(Dataset excerpts)
---
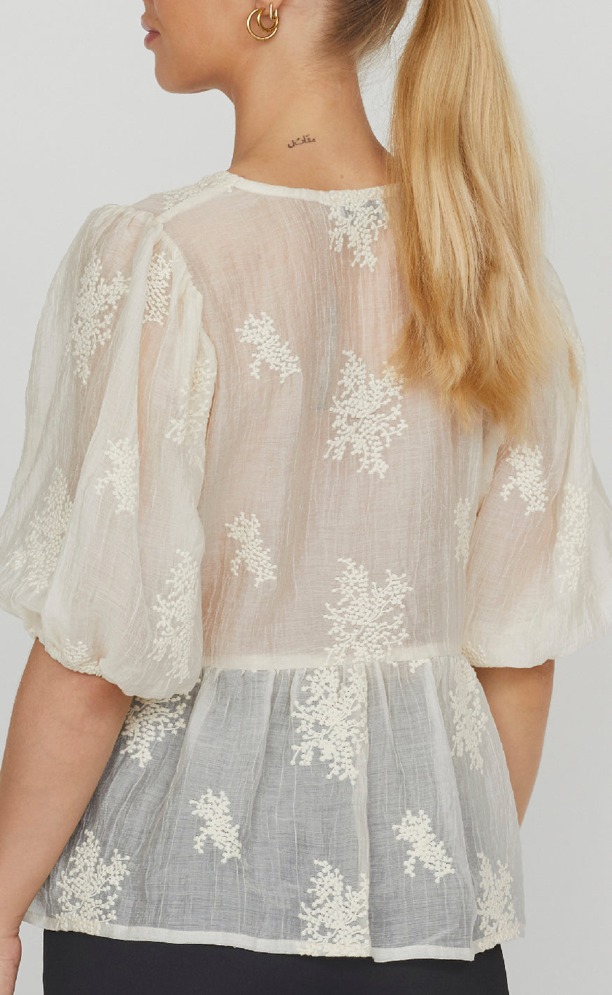 Blusen er let gennemsigtig og har en peplum effekt.
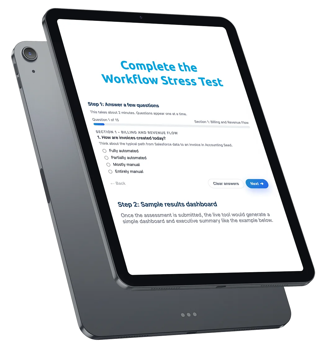 The Workflow Stress Test is useful for finance teams who feel their Salesforce and Accounting Seed process is harder than it should be. If you rely on imports or journal entries, if approvals slow things down, or if month-end shifts from cycle to cycle, the test will show whether these issues point to real workflow strain. It also helps when too much of the process lives in the heads of a few key people.
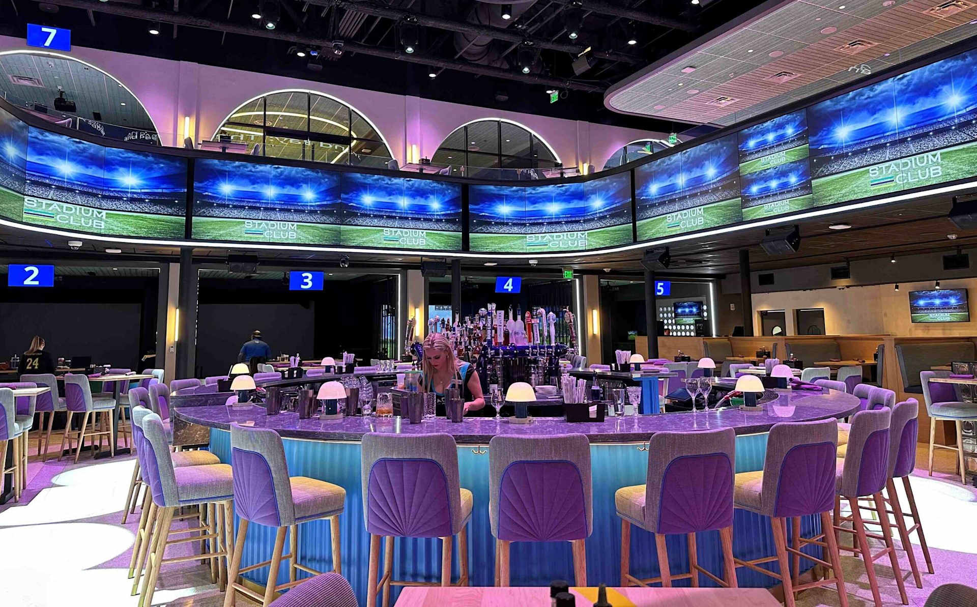Sports & Social, located at Pointe Orlando on International Drive, brings together top-rated and industry-leading sports gaming platforms with an immersive sports entertainment experience. Sports fans can watch multiple games and sporting events on a state-of-the-art LED 52-foot media wall and enjoy live fan-cams, competitions, games and electrifying sound and light effects.
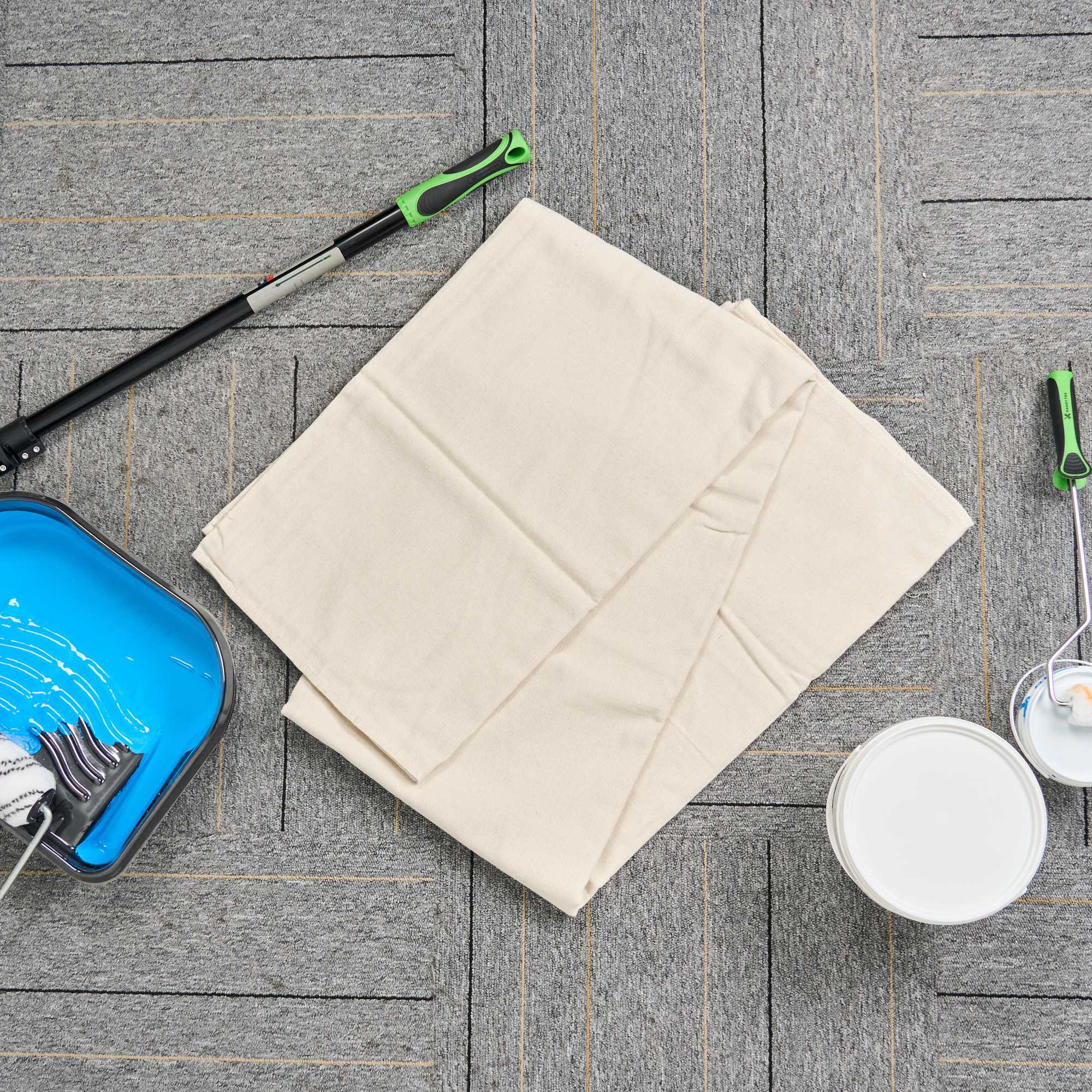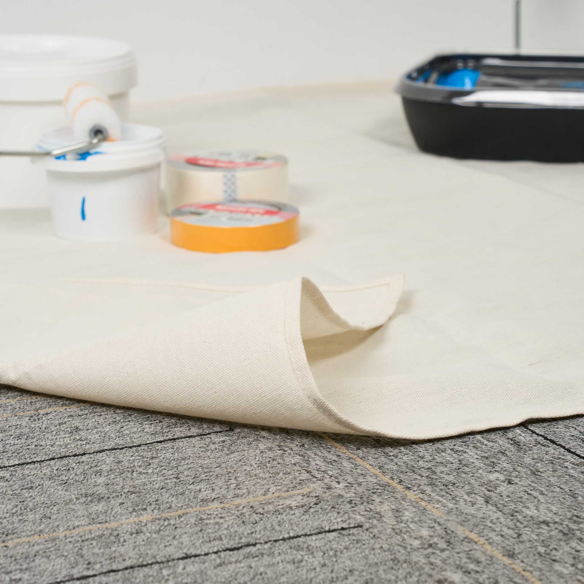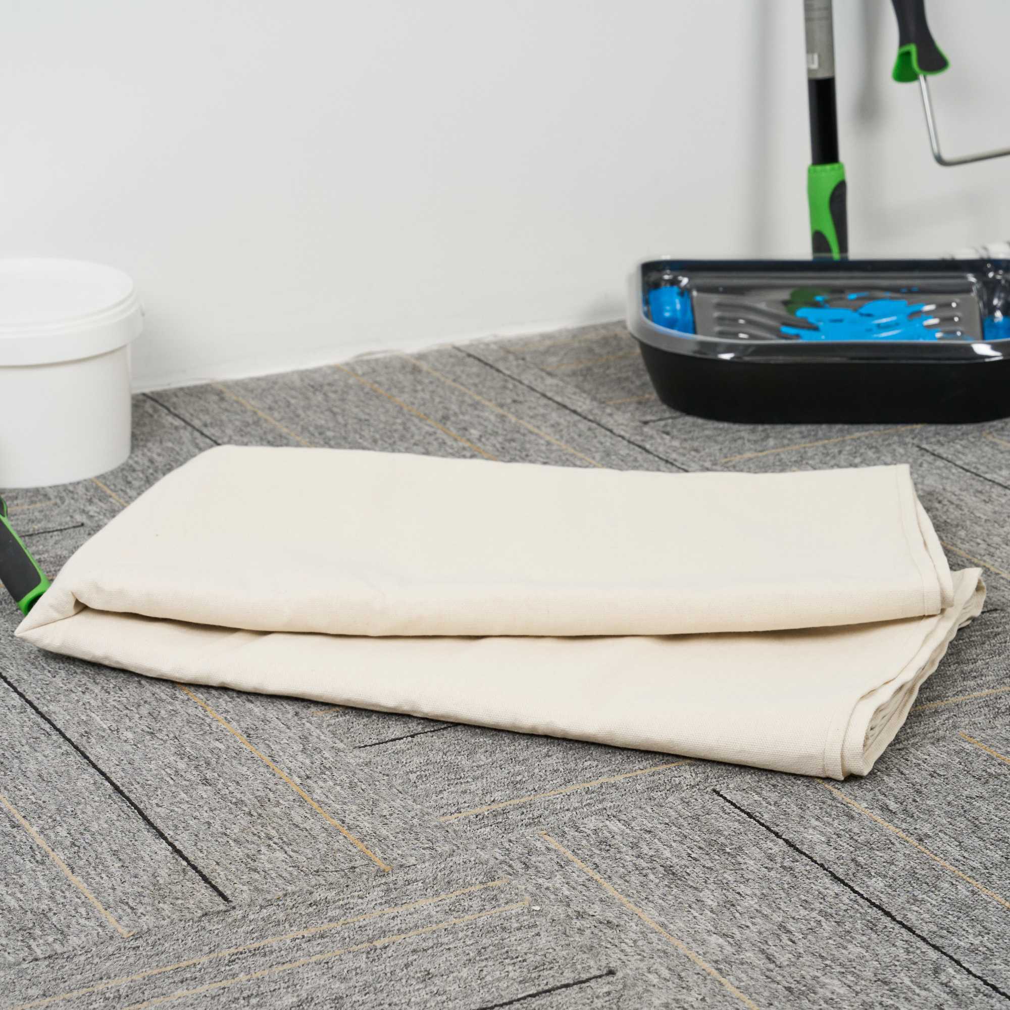 Our Handy Tek White Cotton Canvas Drop Cloth provides reliable surface protection for a variety of indoor tasks. This multi-purpose floor cover shields carpets, furniture, and flooring. Made from cotton canvas, this drop cloth features hemmed and double-stitched edges to prevent fraying for long-term use. Built with heavy weight material, this tarp sheet stays in place during use and offers extra protection against spills and dust. Ideal for painting jobs, this canvas sheet absorbs drips and dust to keep surfaces clean. As a reusable painting cloth, it can be washed and used again for multiple projects. Measuring 48.03 inches in length by 144.09 inches in width, this canvas drop cloth offers ample coverage for large areas. Sold in a 1 count box.
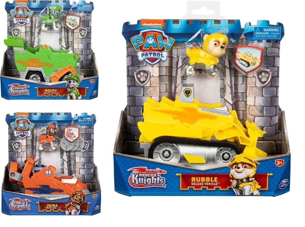 Połącz siły z Chase\'m i weź udział w ekscytujących misjach z jego pojazdem delux w wersji Psi Patrol Odważni Rycerze. Pojazd Chase\'a posiada detale i stylizację inspirowaną smokami oraz ekscytującą transformację narzędzi ratunkowych. Ubrany w zbroję Odważnych Rycerzy Chase (w zestawie figurka kolekcjonerska) jest gotowy, aby uratować sytuację w Barkinburg. Gdy przyjaciel smok ma kłopoty, posadź Chase\'a za kierownicą i ruszaj na ratunek. Naciśnij spojler, a z tyły wyskoczy wyrzutnia. Załaduj pociski (dwa w zestawie) i naciśnij przycisk, aby wystrzelić! Wykorzystaj swoją wyobraźnię, aby tworzyć niesamowite, średniowieczne akcje ratunkowe. Dokładnie takie jak z serialu telewizyjnego. Aby bawić się jeszcze lepiej, zbierz zestaw z zamkiem oraz wszystkie pojazdy delux Psiego Patrolu w wersji Odważni Rycerze (zestaw i pojazdy sprzedawane osobno). Przygotuj się na misje ratunkowe z Chase\'m i jego pojazdem delux z serii Odważni Rycerze!
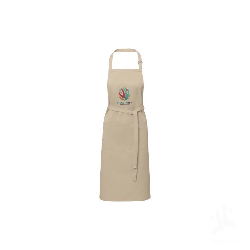 Suojaa kauniit vaatteet ruoanlaiton aikana helposti Andrea-esiliinalla. Esiliina on valmistettu 240 g/m²:n twill-sekoitteesta (65 % polyesteriä ja 35 % puuvillaa), mikä tekee siitä paksun ja tukevan mutta silti pehmeän ja mukavan käyttää. Kahdessa etutaskussa on helppo ja kätevä pitää keittiötarvikkeita. Esiliinaa voi säätää kaulan takana olevalla soljella ja selän solmittavalla kiinnityksellä, joten yksi koko sopii kaikille. Esiliinaan voidaan valita useita isoja painatusvaihtoehtoja ja varmistaa logon paras mahdollinen näkyvyys.
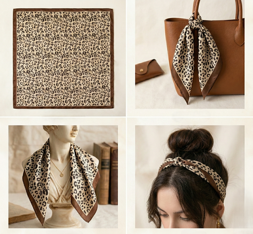 Max Accessories Collection IncChic square scarf with bold leopard and baroque motifs. Lightweight, silky texture perfect for neck, head, or handbag styling. SIZE: 28" X28" 70% V...
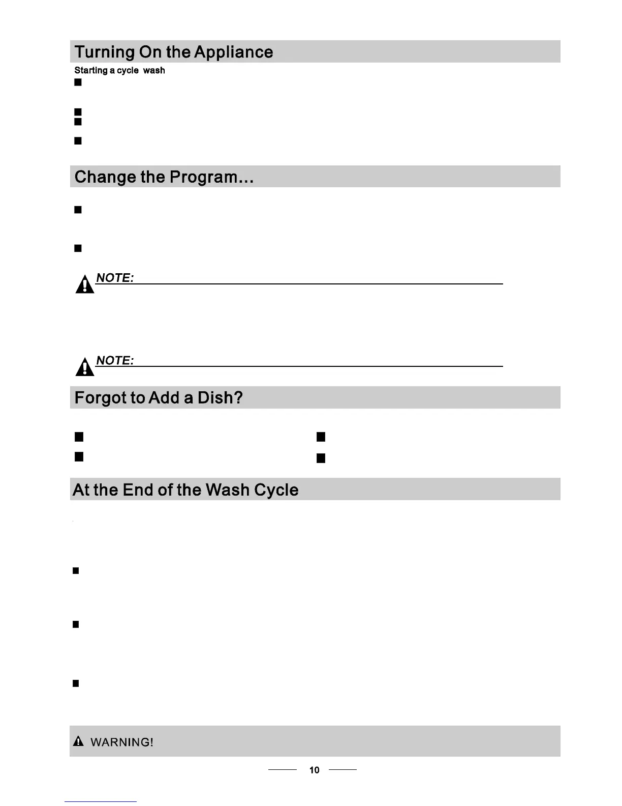 You can m odify the washing progr am, Whe n the dis hwasher just runs for a short time.
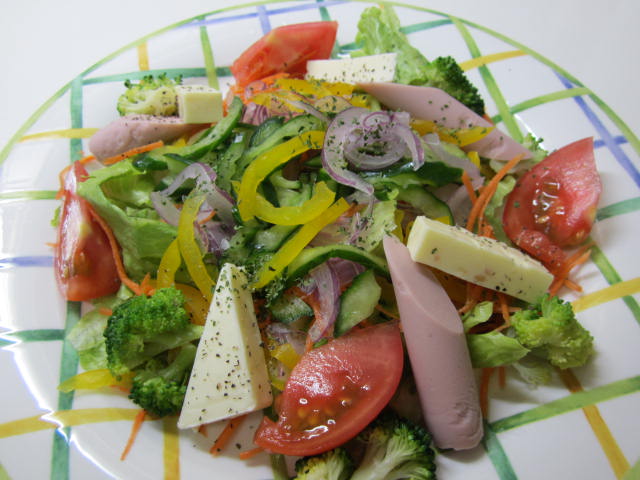 休日の朝ごはんは、サラダも
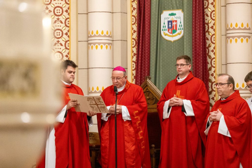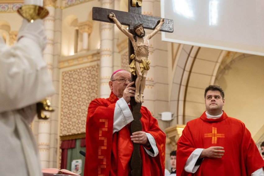 A nagypénteki szertartást Feketes Szabolcs Benedek püspök vezette a szombathelyi székesegyházban.
---
=== Task statement ===
Text only, pictures out: give every record again as written.

=== Solution ===
 Blusen er let gennemsigtig og har en peplum effekt.
 The Workflow Stress Test is useful for finance teams who feel their Salesforce and Accounting Seed process is harder than it should be. If you rely on imports or journal entries, if approvals slow things down, or if month-end shifts from cycle to cycle, the test will show whether these issues point to real workflow strain. It also helps when too much of the process lives in the heads of a few key people.
Sports & Social, located at Pointe Orlando on International Drive, brings together top-rated and industry-leading sports gaming platforms with an immersive sports entertainment experience. Sports fans can watch multiple games and sporting events on a state-of-the-art LED 52-foot media wall and enjoy live fan-cams, competitions, games and electrifying sound and light effects.
 Our Handy Tek White Cotton Canvas Drop Cloth provides reliable surface protection for a variety of indoor tasks. This multi-purpose floor cover shields carpets, furniture, and flooring. Made from cotton canvas, this drop cloth features hemmed and double-stitched edges to prevent fraying for long-term use. Built with heavy weight material, this tarp sheet stays in place during use and offers extra protection against spills and dust. Ideal for painting jobs, this canvas sheet absorbs drips and dust to keep surfaces clean. As a reusable painting cloth, it can be washed and used again for multiple projects. Measuring 48.03 inches in length by 144.09 inches in width, this canvas drop cloth offers ample coverage for large areas. Sold in a 1 count box.
 Połącz siły z Chase\'m i weź udział w ekscytujących misjach z jego pojazdem delux w wersji Psi Patrol Odważni Rycerze. Pojazd Chase\'a posiada detale i stylizację inspirowaną smokami oraz ekscytującą transformację narzędzi ratunkowych. Ubrany w zbroję Odważnych Rycerzy Chase (w zestawie figurka kolekcjonerska) jest gotowy, aby uratować sytuację w Barkinburg. Gdy przyjaciel smok ma kłopoty, posadź Chase\'a za kierownicą i ruszaj na ratunek. Naciśnij spojler, a z tyły wyskoczy wyrzutnia. Załaduj pociski (dwa w zestawie) i naciśnij przycisk, aby wystrzelić! Wykorzystaj swoją wyobraźnię, aby tworzyć niesamowite, średniowieczne akcje ratunkowe. Dokładnie takie jak z serialu telewizyjnego. Aby bawić się jeszcze lepiej, zbierz zestaw z zamkiem oraz wszystkie pojazdy delux Psiego Patrolu w wersji Odważni Rycerze (zestaw i pojazdy sprzedawane osobno). Przygotuj się na misje ratunkowe z Chase\'m i jego pojazdem delux z serii Odważni Rycerze!
 Suojaa kauniit vaatteet ruoanlaiton aikana helposti Andrea-esiliinalla. Esiliina on valmistettu 240 g/m²:n twill-sekoitteesta (65 % polyesteriä ja 35 % puuvillaa), mikä tekee siitä paksun ja tukevan mutta silti pehmeän ja mukavan käyttää. Kahdessa etutaskussa on helppo ja kätevä pitää keittiötarvikkeita. Esiliinaa voi säätää kaulan takana olevalla soljella ja selän solmittavalla kiinnityksellä, joten yksi koko sopii kaikille. Esiliinaan voidaan valita useita isoja painatusvaihtoehtoja ja varmistaa logon paras mahdollinen näkyvyys.
 Max Accessories Collection IncChic square scarf with bold leopard and baroque motifs. Lightweight, silky texture perfect for neck, head, or handbag styling. SIZE: 28" X28" 70% V...
 You can m odify the washing progr am, Whe n the dis hwasher just runs for a short time.
 休日の朝ごはんは、サラダも
 A nagypénteki szertartást Feketes Szabolcs Benedek püspök vezette a szombathelyi székesegyházban.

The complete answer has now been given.